Sull’ignoranza: il comparativista Burke viaggia nella storia e tra i continentiEmma Willard, Temple of Time, USA, 1846

Storia culturale Per Montaigne era la ricetta per essere felici; oggi la società del sovraccarico informativo la diffonde tanto quanto la conoscenza... Ignoranza: una storia globale, saggio di Peter Burke (Cortina)

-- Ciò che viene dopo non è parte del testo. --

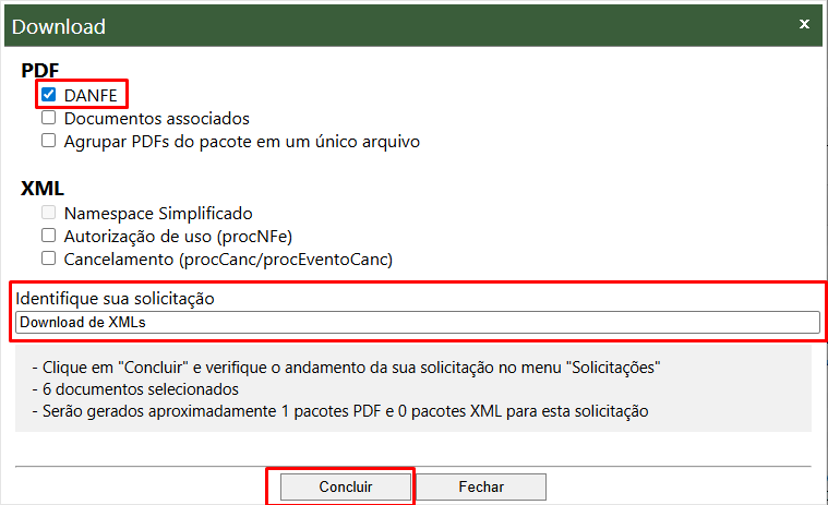 1. Marque a opção DANFE (dentro da categoria PDF).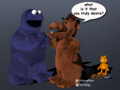 - my monster WIP does look like the cookie monster. Hopefully, looks enough like some generic monster from Monsters Inc to avoid issues with either.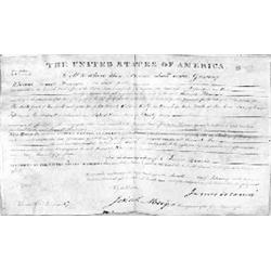 <b>161. JAMES MONROE </b>Partly-printed D.S. as President, 1p. sm. folio, Washington, Feb. 7, 1822, a grant of 80 acres of land in Ohio to one Samuel Heninger. Very light damp stain along folds, very nicely signed, overall quite good.<b> $400-500</b>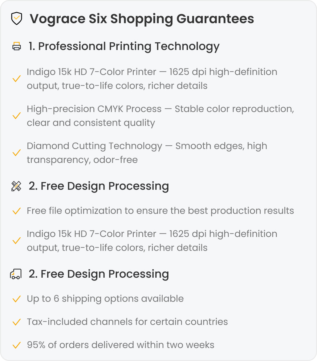 I've tried different sites to print my stickers in the past years and I have to say Vograce is truly the best one, so I'll be printing more and more in the future! 100% satisfied!! Thank you <3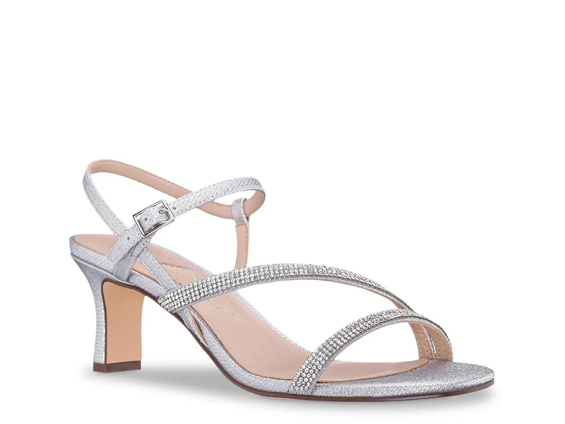 The Barry sandal from N by Nina brings a fresh, modern vibe with its asymmetrical two-piece design and sparkling rhinestone accents. This sandal’s square open toe and covered block heel create a fashion-forward silhouette for formal occasions.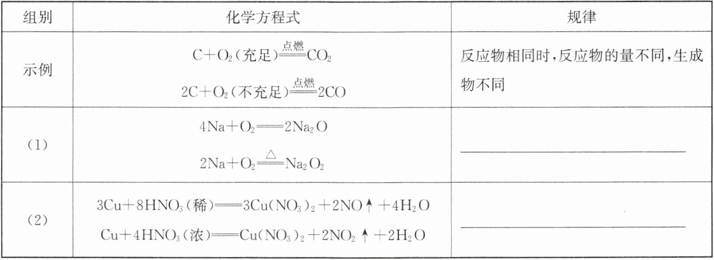 7. B 比较、分析、归纳是学习化学的重要方法。通过比较可以发现相同的反应物在不同外界条件下,会发生不同的反应。请参照示例归纳反应规律: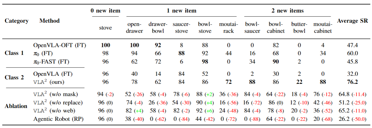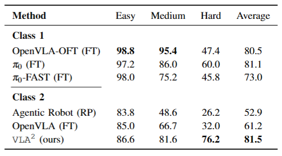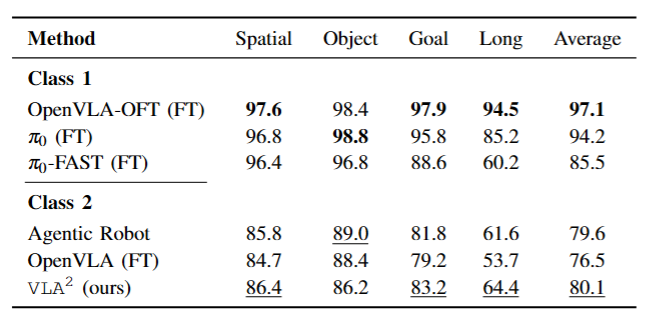 VLA² remains competitive with all methods using OpenVLA as their backbone (Class 2 baselines), and achieves top-tier performance on all benchmarks except for LIBERO-Object.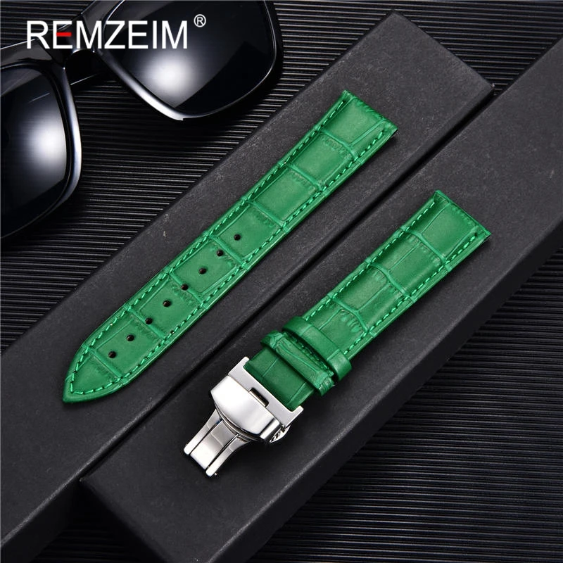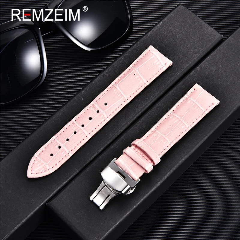 Ремешок для часов REMZEIM из мягкой натуральной кожи Женский, удобный браслет с пряжкой с язычком для часов 18202224 мм + инструмент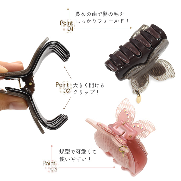 大きく開ける長め歯のクリップでヘアスタイルをしっかりキープしてくれます。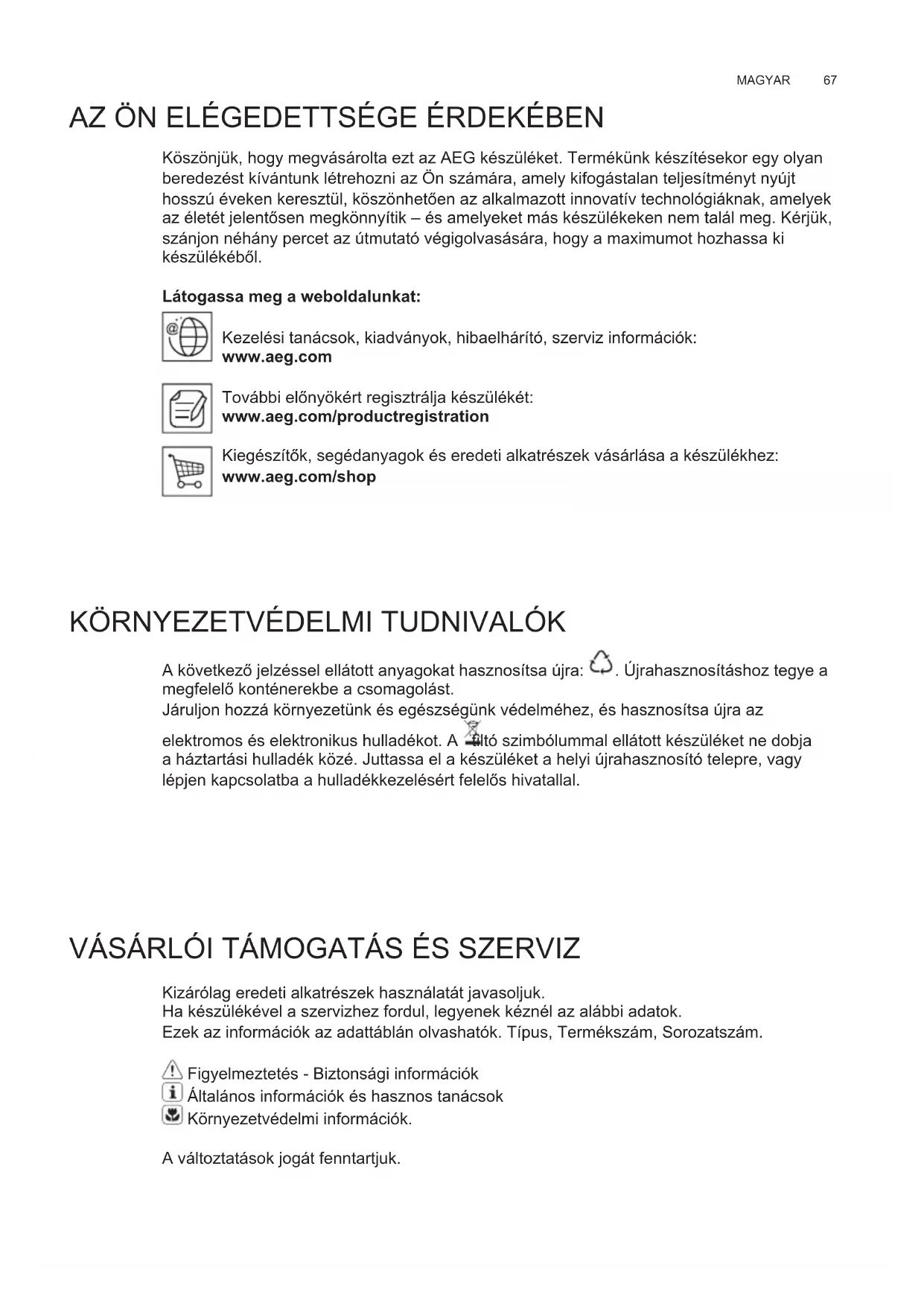 A következĪ jelzéssel ellátott anyagokat hasznosítsa újra: . Újrahasznosításhoz tegye a megfelelĪ konténerekbe a csomagolást. Járuljon hozzá környezetünk és egészségünk védelméhez, és hasznosítsa újra az elektromos és elektronikus hulladékot. A tiltó szimbólummal ellátott készüléket ne dobja a háztartási hulladék közé. Juttassa el a készüléket a helyi újrahasznosító telepre, vagy lépjen kapcsolatba a hulladékkezelésért felelĪs hivatallal. VÁSÁRLÓI TÁMOGATÁS ÉS SZERVIZ Kizárólag eredeti alkatrészek használatát javasoljuk. Ha készülékével a szervizhez fordul, legyenek kéznél az alábbi adatok. Ezek az információk az adattáblán olvashatók. Típus, Termékszám, Sorozatszám. Figyelmeztetés - Biztonsági információk Általános információk és hasznos tanácsok Környezetvédelmi információk. A változtatások jogát fenntartjuk.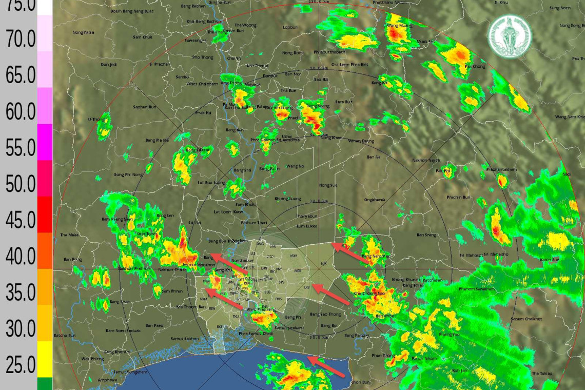 วันที่ 24 พฤศจิกายน 2565 / เวลา 16.30 น. ฝนเล็กน้อยถึงปานกลาง เขตวัฒนา ดินแดง ราชเทวี พญาไท ดุสิต บางซื่อ และพื้นที่ฝั่งธนบุรี เขตภาษีเจริญ ตลิ่งชัน เคลื่อนตัวทิศตะวันตกเฉียงเหนือ ปริมาณฝนสูงสุด เขตพญาไท 13.5 มม./ รอบนอกฝนเล็กน้อยถึงปานกลาง จ.สมุทรปราการ ต่อเนื่องพื้นที่เขตบางนา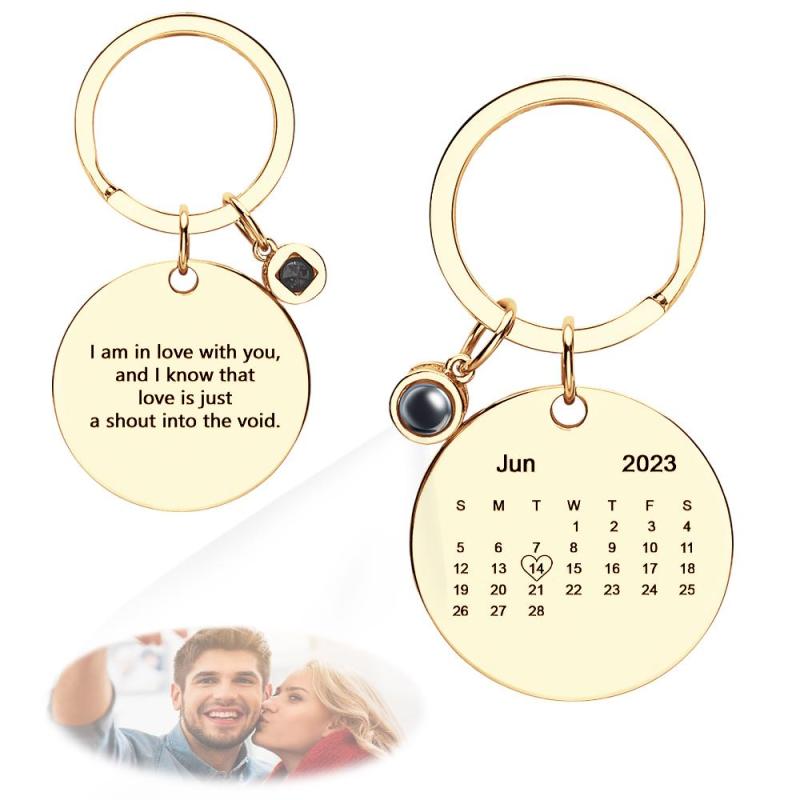 Custom Photo Projection Keychain Personalized Calendar with Text Key Ring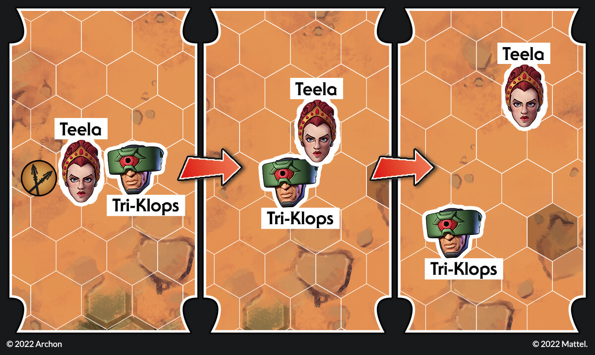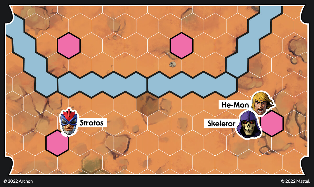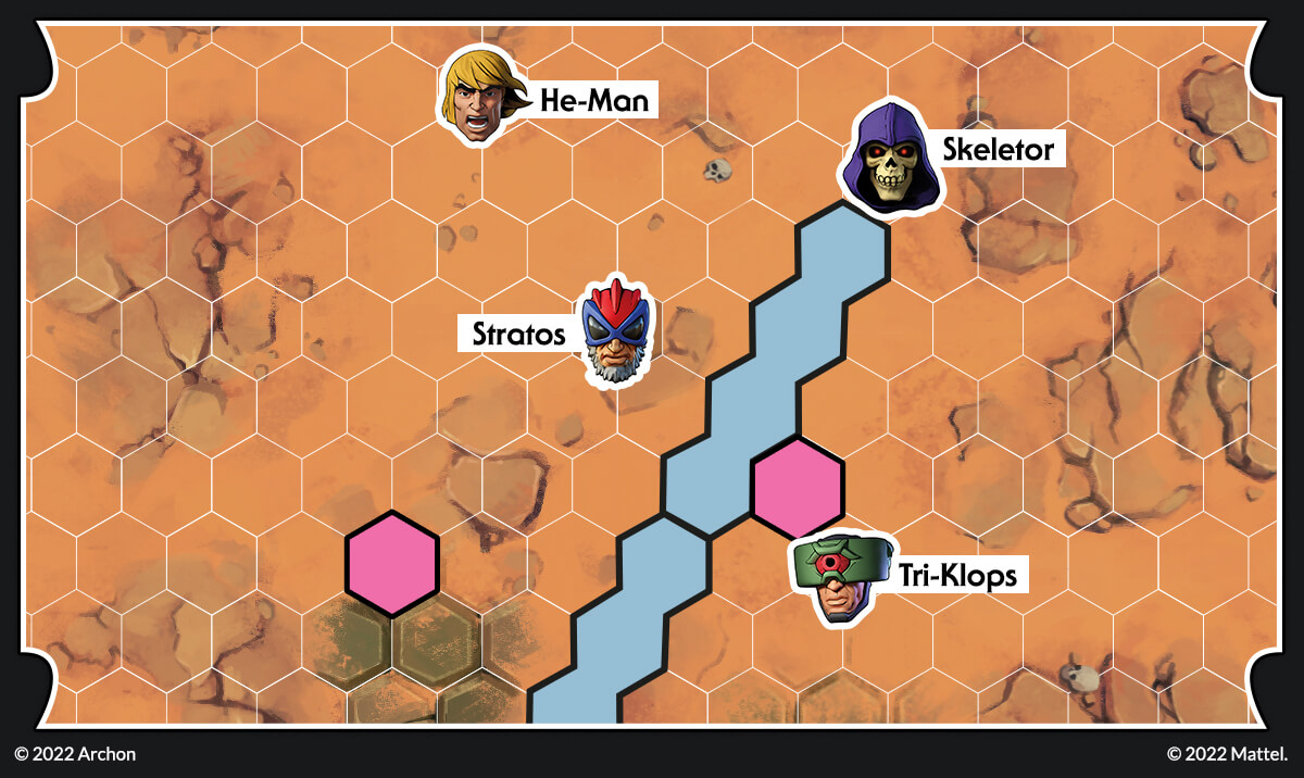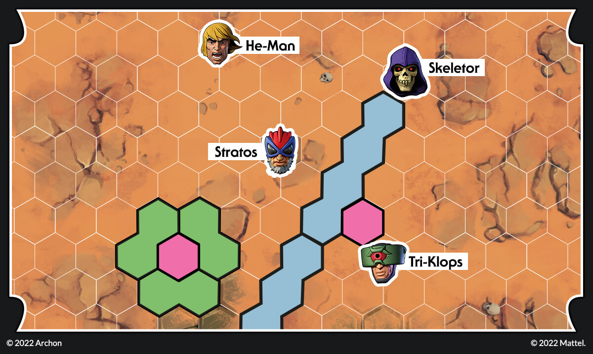 Let’s imagine the following situation. Skeletor has placed two teleporters; at the beginning of the next round, Tri-Klops should be able to engage Stratos easily. This cannot be! He-Man can move towards the teleport and destroy it, but then he won’t be able to engage Skeletor! Fortunately for He-Man, there is a better solution.
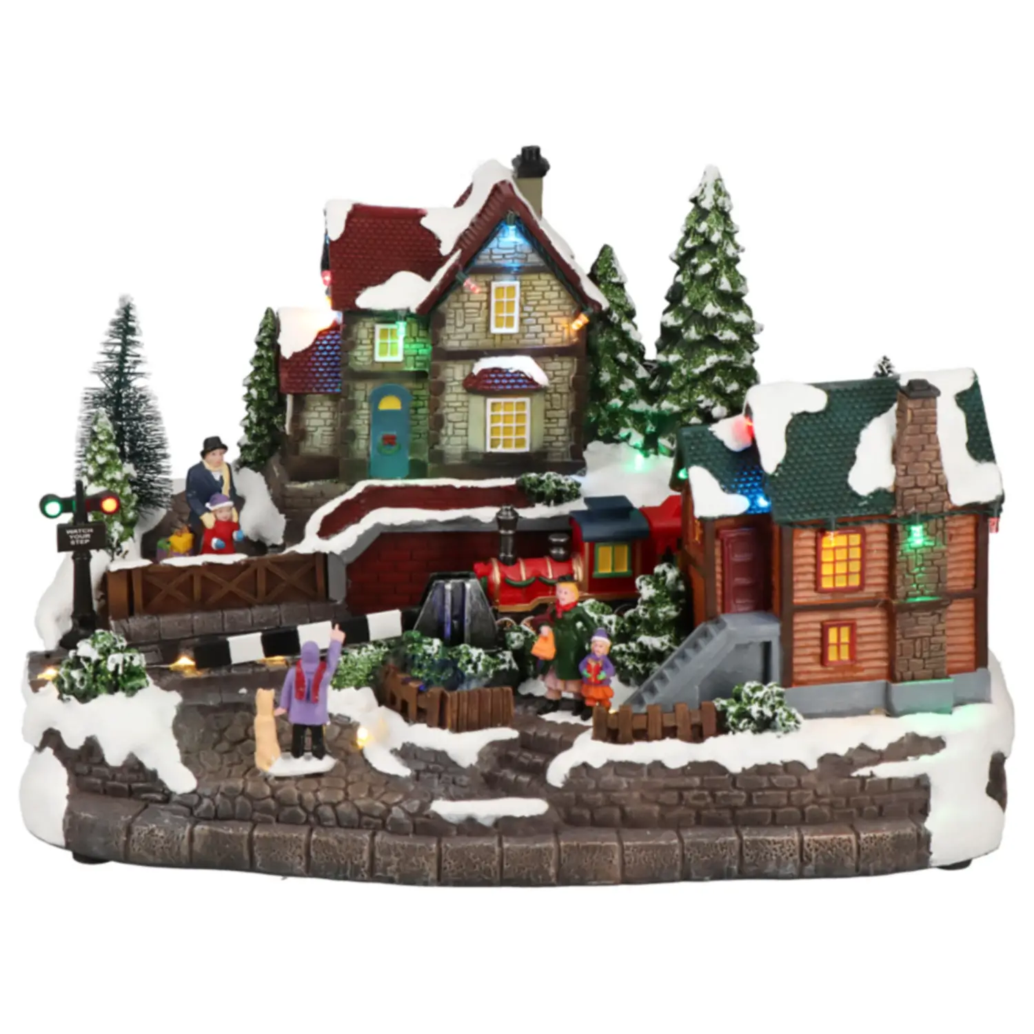 Scenario Natalizio Villaggio Treno Animato Musiche e Luci Led Multicolor Adattatore Incluso

Pubblicato 8 mesi faEdizione del 4 febbraio 2024

La dottrina dell’ignoranza non è il rovescio della dottrina della conoscenza: anzi l’estensione dell’accumulo di conoscenze acquisite via via attraverso l’uso mirato delle innovazioni tecnologiche e la loro diffusione ha evidenziato e inesorabilmente ridotto il campo oscuro di quanto ci era ignoto. Se non che, parallelamente è aumentato il desiderio di oltrepassare i confini raggiunti. La consapevolezza dei limiti delle capacità di capire le ragioni ultime del nostro sapere si è fatta più esigente e insoddisfatta. Da questa dialettica tra euforia e scontento, tra aggiunzioni e deficienze, è nata una sorta di complementarità oppositiva, che stabilisce una mutevole influenza tra concetti codificati e inevase ambizioni. Il fenomeno è facilmente verificabile se si tiene conto dell’insieme dei processi storici. Non è riscontrabile, invece, nelle singole persone o in consistenti gruppi, tenuti ai margini o privi delle condizioni minime soggettive richieste per impadronirsi delle nuove scoperte o di inedite mirabolanti invenzioni.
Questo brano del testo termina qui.